MetastamiR are components of complex pathways and are often expressed downstream as well as upstream of pro- or anti-metastatic signals. Some of these pathways represent feed-forward and feedback loops. MetastamiR regulation is context dependent. Further, other regulatory RNA, such as large intergenic non-coding RNA (lincRNA) are being studied that regulate key aspects of metastasis (reviewed in [118]).

Tissue Inhibitor of Metalloproteases (TIMP)

Up-regulation of matrix metalloproteinases (MMP) often occurs to facilitate tumor invasion and metastasis. Under normal conditions, cells regulate MMP through four natural inhibitors, TIMP-1 to -4. The complex roles of MMP and TIMP in virtually every step of cancer progression is well documented, as are examples where TIMP suppress metastasis [119–121]. While self-evident that they would play roles as metastasis suppressors, TIMP functions are clearly dose-and context-dependent.

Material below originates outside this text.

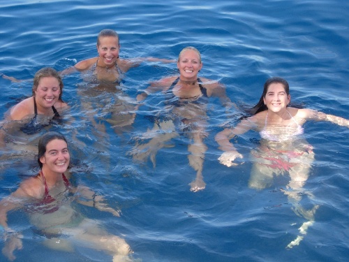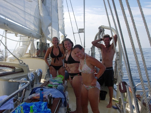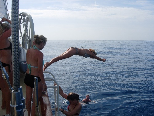 Our fantastic wind from yesterday slowly faded away. Boat speed fell, and we started motor-sailing on a flat glassy sea. Engine trouble gave the crew lots of excitement as we hove-to for our first swim in the clear blue water. Boomer soon had Argo up and running again with the get-home motor.

Conclusions and Perspectives

Breast cancer metastasis is complex, involving both intrinsic and extrinsic factors. In this brief review, we have described the growing class of metastasis suppressors. While mechanisms of action are still largely unclear, some commonalities have begun to emerge. First, all metastasis suppressors sit at the interface between tumor cells and their impact on or response to local microenvironments. Second, functionality of metastasis suppressors is dose- and context-dependent, largely because most of the proteins encoded by metastasis suppressors interact with other proteins that impinge on cellular pathways. Third, as more metastasis suppressors are identified, there appear to be metastasis-regulatory pathways and the pathology of metastasis represents dysfunction of the pathway at one or more steps. But because of the contextual queues, compensatory changes can result in other cellular behavioral changes. Fourth, metastasis suppressor mutations are rare. Instead, expression is down-regulated in advanced cancers.

In this review, the criteria for ascribing a molecule as a metastasis suppressor have been strictly applied – significant inhibition of metastasis in at least one experimental model without >50% inhibition of primary tumor growth. As more data are collected, some of the molecules mentioned will reveal other functions.

While the scope of this review has been to focus on the biological, biochemical and molecular aspects of metastasis suppressors, a brief mention about how metastasis suppressors could be used clinically is warranted. The use of metastasis suppressors has proven useful in some prognostic applications (see above); however, their utility for this purpose is more limited since visualization of gain-of-function or gain-of-expression cellular changes is easier to see [122]. As technologies improve, repair of loss-of-function and loss-of-expression via gene therapy or epigenetic manipulation will become more likely, but has not yet reached its potential. When metastasis suppressors are involved in cell-cell communication (e.g., KISS1), administering the protein could prove useful in a therapeutic context. Despite these limitations, metastasis suppressors still represent prognostic and therapeutic opportunities, but additional data are needed to realize those potentials.